Who’s the hypocrite here, anyway? Alito’s about-face in the mifepristone case exposes a nakedly political, result-oriented approach, especially when one tries to unpack his nonsensical, off-point reasoning.
As if the last 7 years of relatively unrestricted mifepristone use had never happened, Alito claims that the restrictions imposed by the Fifth Circuit were not “new.” Rather, the restrictions “would simply restore” the circumstances that existed “from 2000 to 2016.” Sorry, but that’s an extreme departure from the current status quo, regardless of any “circumstances” that might have existed in the past.
Next, Alito claims that since the case is on a “fast track,” denying the stay is no big deal. By “fast track,” Alito means that oral argument is scheduled to take place in 26 days, and either the Court of Appeals or the Supreme Court will decide the case sometime after that, “in the near future.” Alito doesn’t enlighten us on how the “near future” converts to court time. Weeks? Months? Years?
Whatever, it’s too long for those women whose access to mifepristone will be restricted in the meantime.
But that’s no big deal either, according to Alito, because the “applicants” are not likely to suffer irreparable harm in the interim. By “applicants,” Alito means not the women whose access to mifepristone will be restricted, but the FDA and Danco Laboratories, the pharmaceutical company that distributes mifepristone.
In other words, whatever interest women may have in managing their own health care and pregnancies isn’t even worth mentioning, certainly not in a case that bears directly on their health care and pregnancies. Got it?
And even Alito’s claim that neither the FDA nor Danco would suffer any irreparable harm is nonsensical. It is a purely political screed based on Alito’s fear that the FDA would refuse to obey an unfavorable court order in the case.
But the height of political absurdity in Alito’s opinion is reserved for his conclusion that there really isn’t a conflict between the Fifth Circuit’s decision restricting the distribution of mifepristone and the decision of a federal judge in Washington State ordering the polar opposite, that the FDA make no changes to the availability. Huh? Aren’t the decisions in the two cases directly contradictory?
Not according to Justice Alito. To him, “it’s not clear that there actually is a conflict.” Why not? Because the FDA has not acted “equitably.” How so? The Washington district court enjoined the FDA from altering its current practice, “something that the FDA had never hinted it was contemplating.” And not only that, but the FDA could have appealed the order, but didn’t.
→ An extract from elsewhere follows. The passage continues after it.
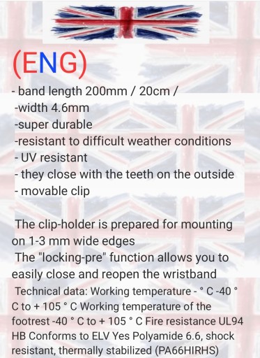 Кабельна стяжка CLK2 виготовлена з поліаміду 6.6, який є ударостійким і термостабілізованим (PA66HIRHS), що робить її дуже міцною та довговічною. Цей ремінець також відповідає вимогам протипожежного захисту UL94 HB і відповідає директиві ELV. Робоча температура ремінця від -40 °C до +125 °C, робоча температура підніжки також від -40 °C до +105 °C.

The FDA didn’t initiate the Washington case, it was brought in as a defendant. After it was ordered not to do something – altering its current position on mifepristone – that that it had no intention of doing in the first place, why in the world would the FDA waste its time and money to appeal a decision with which it agreed? What is “inequitable” about that?
At the end of the day, Alito’s dissent in the mifepristone case should end any debate about whether he is using his position on the Supreme Court to advance a political agenda. He is. And the pettiness, the ugly personal tone, and the patently absurd, off-point nature of his writing on cases involving abortion suggests that Justice Alito has let not just his politics, but his emotions cloud his judgment.
This is a super helpful piece that succinctly describes all the technical twists and turns of this case and Justice Alito’s illogical response. When anyone in a position of unelected lifetime power (whose job it is to “call balls and strikes” according to the law) veers away from that responsibility and uses his power to push blatant religious doctrine, it’s time they were removed and replaced.
That’s why I refer to shadow docket as the Alito Docket. Wonder why he takes shadow docket criticism so personally? Maybe the ole subconscious is having trouble reconciling to reality.